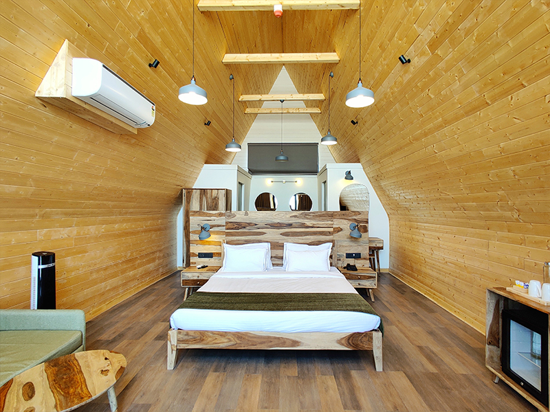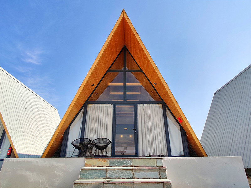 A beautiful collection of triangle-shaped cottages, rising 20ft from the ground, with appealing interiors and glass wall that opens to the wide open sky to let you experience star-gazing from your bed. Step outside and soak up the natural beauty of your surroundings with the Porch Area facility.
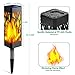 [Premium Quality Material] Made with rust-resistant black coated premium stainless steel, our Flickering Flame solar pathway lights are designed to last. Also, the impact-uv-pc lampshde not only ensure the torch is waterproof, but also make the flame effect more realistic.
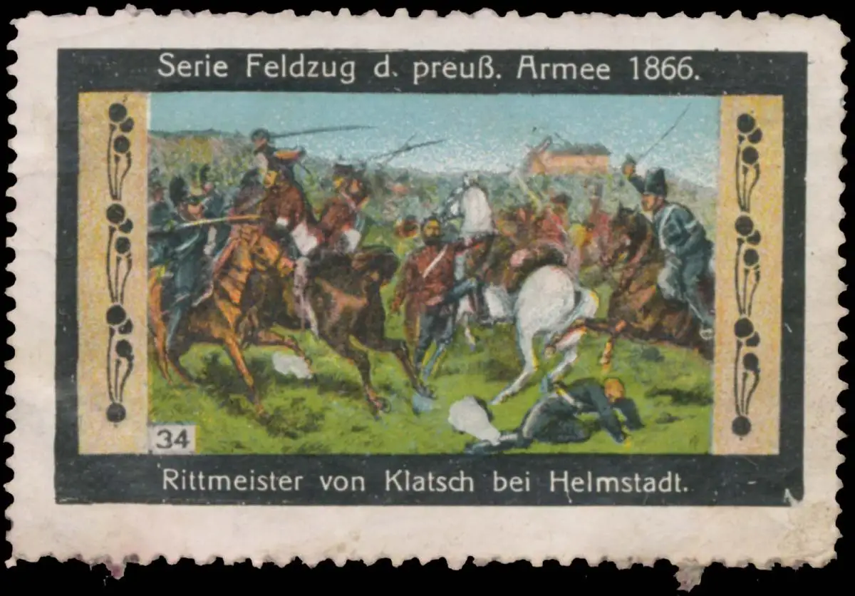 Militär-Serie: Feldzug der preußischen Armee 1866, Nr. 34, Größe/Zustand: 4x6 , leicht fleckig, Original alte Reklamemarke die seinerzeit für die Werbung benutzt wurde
+ + + + + + +
- [REQUIREMENT] Return the material above verbatim, minus the pictures.

- [RESPONSE BELOW]
 A beautiful collection of triangle-shaped cottages, rising 20ft from the ground, with appealing interiors and glass wall that opens to the wide open sky to let you experience star-gazing from your bed. Step outside and soak up the natural beauty of your surroundings with the Porch Area facility.
 [Premium Quality Material] Made with rust-resistant black coated premium stainless steel, our Flickering Flame solar pathway lights are designed to last. Also, the impact-uv-pc lampshde not only ensure the torch is waterproof, but also make the flame effect more realistic.
 Militär-Serie: Feldzug der preußischen Armee 1866, Nr. 34, Größe/Zustand: 4x6 , leicht fleckig, Original alte Reklamemarke die seinerzeit für die Werbung benutzt wurde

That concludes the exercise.